Sounds like motor current is causing a sag in the supply voltage. Since each motor ESC has it's own 8KHz switching rate, they would occasionally all spike low at the same time. It depends somewhat on how well the receiver 5v0 input is filtered. Maybe you can put a large capacitor on a short servo pigtail and plug it into a socket adjacent to the supply voltage input.
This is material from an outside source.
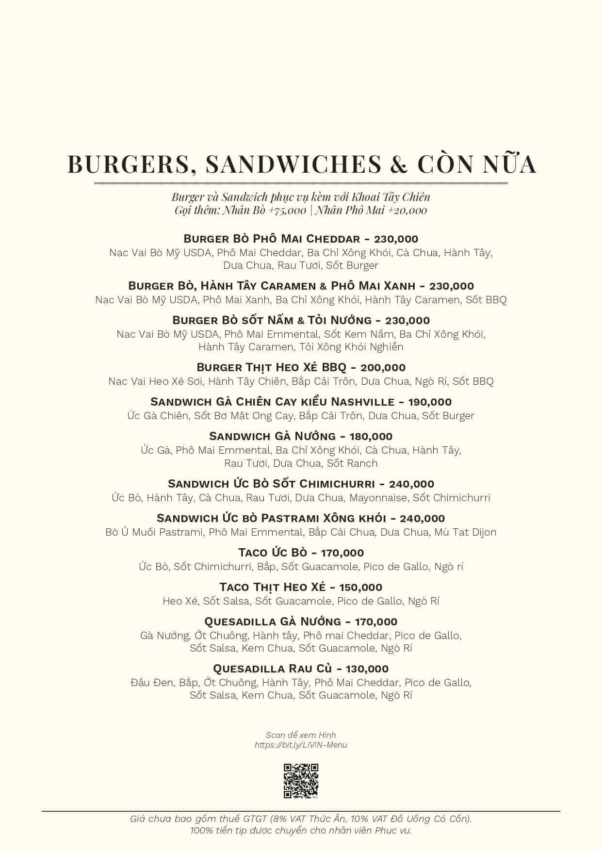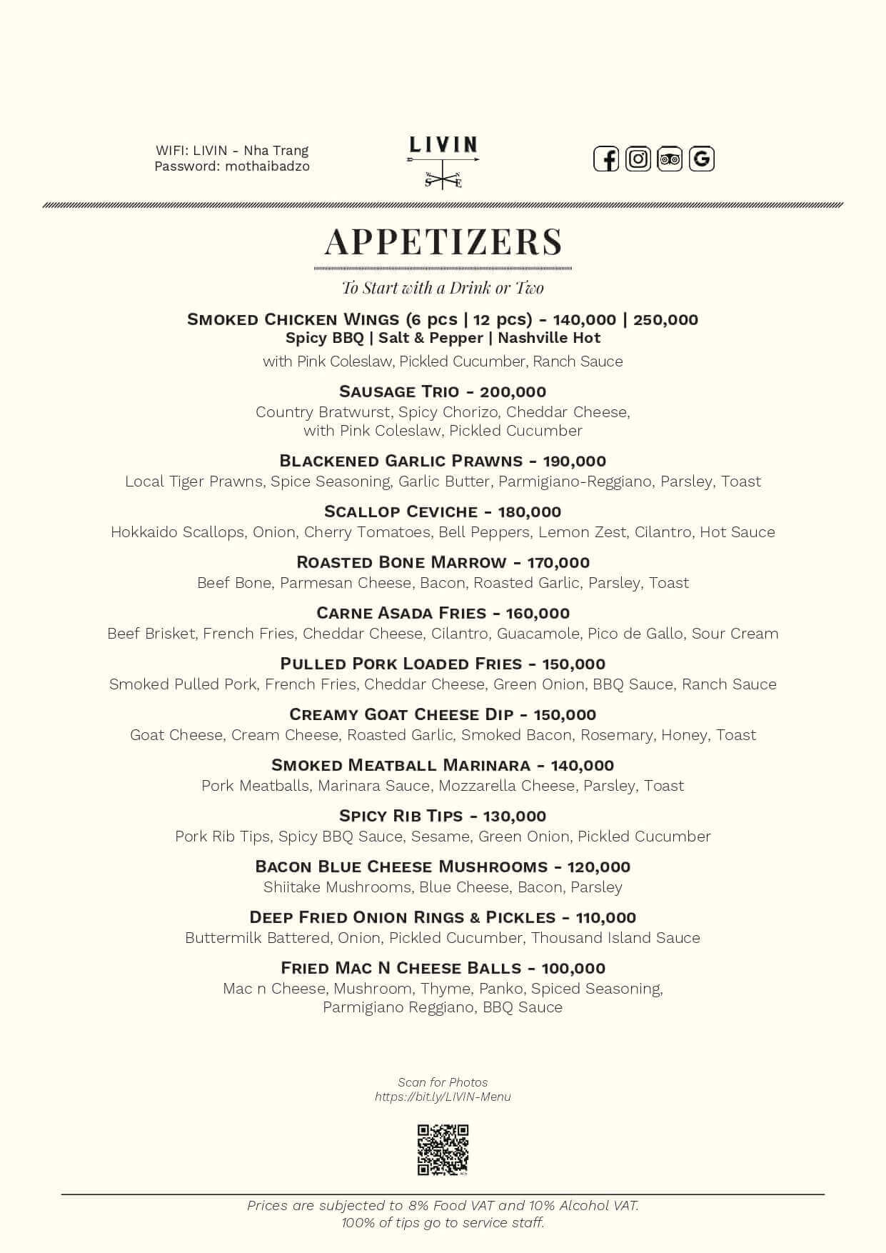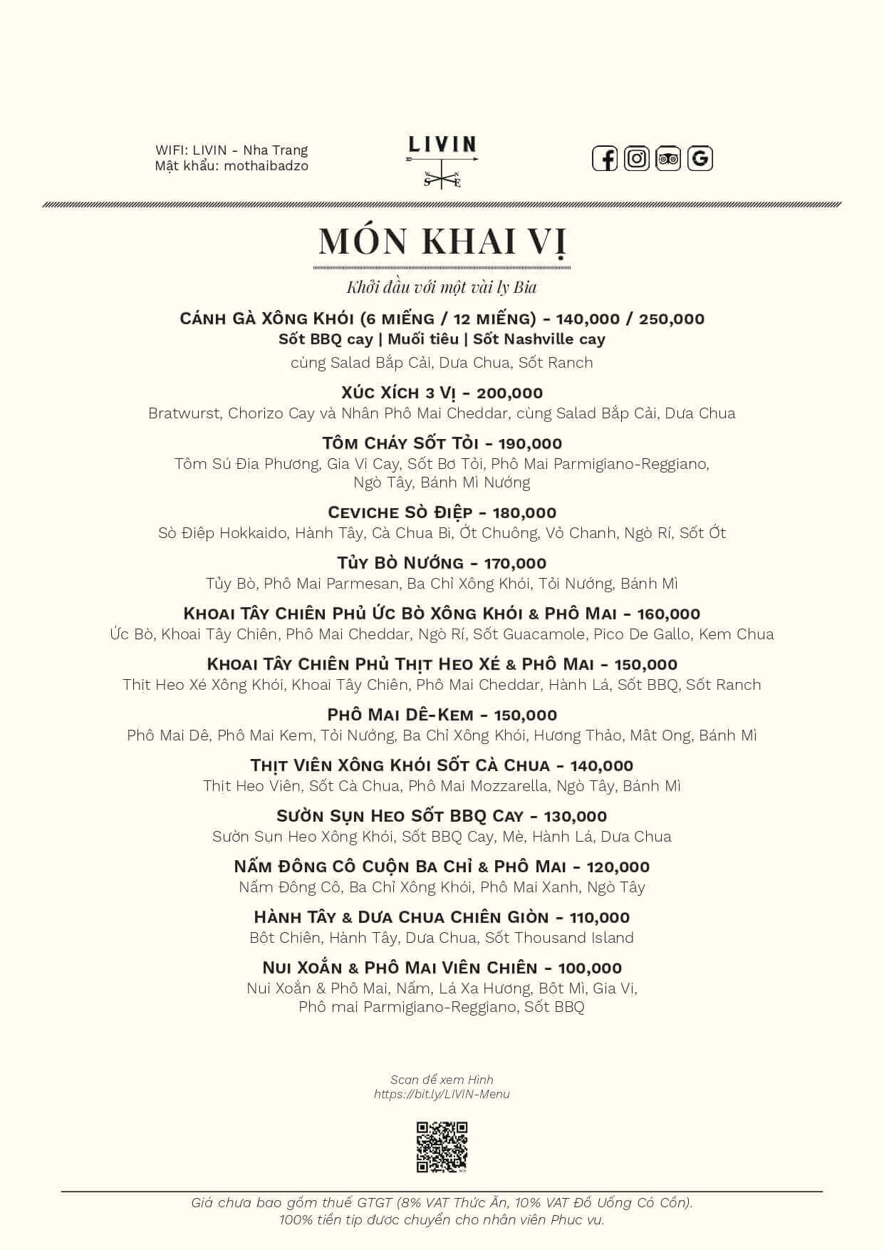 2015 년에 설립 된 Livin -Nha Trang은 미국 스타일 그릴의 표준에 따라 인기있는 레스토랑입니다. 전통, 문화 및 혁신의 균형; 우리는 기억에 남는 요리 경험을 나누고, 영감을주고, 창조하기를 희망합니다. 우리의 사명은 고객에게 진정한적이고 맛있고 멋진 경험을 제공하는 것입니다.

You definitely don't want the quad to fly off in an unknown direction at some throttle setting above the hover value. You may need to put some failsafe code into your sketch whereby if adjacent readings in time differ by some amount, or more, continue with the previous values. If the values continue to appear invalid after a few seconds then stop all sideways motion and reduce throttle to one click below hover so that it lands safely.
 
No ESCs -- brushed motors (it's worth reading the original post, if you haven't already). But yeah, it's gotta be some voltage-drop issue. Your difference-threshold idea is something I'd thought of too -- basically a low-pass filter. Unfortunately, the intermittent channel-swapping is not transient; it lasts for several seconds. So, no real way to solve it in firmware.
 
Since the fault is load triggered, a hardware solutions seems necessary. Have you tried caps directly on the motor terminals like they do in servos? You could still have a drifting sync condition whereby four identical motors turning at similar rates will have brushes moving to the next commutator segment occasionally at the same time. Also, since motor voltage polarity is constant, you could make the filter caps quick large using the type common in swtiching power supplies. The brush noise might be rather high frequency. Watching the voltage input to the Arduino with a scope might be informative. You could even set up the scope trigger for a one shot falling value just below 5v0 and catch it in the act of sagging.
 
Clever hardware idea, but weight is at a premium. Right now it looks like a faster path to success will be to try a different kind of receiver.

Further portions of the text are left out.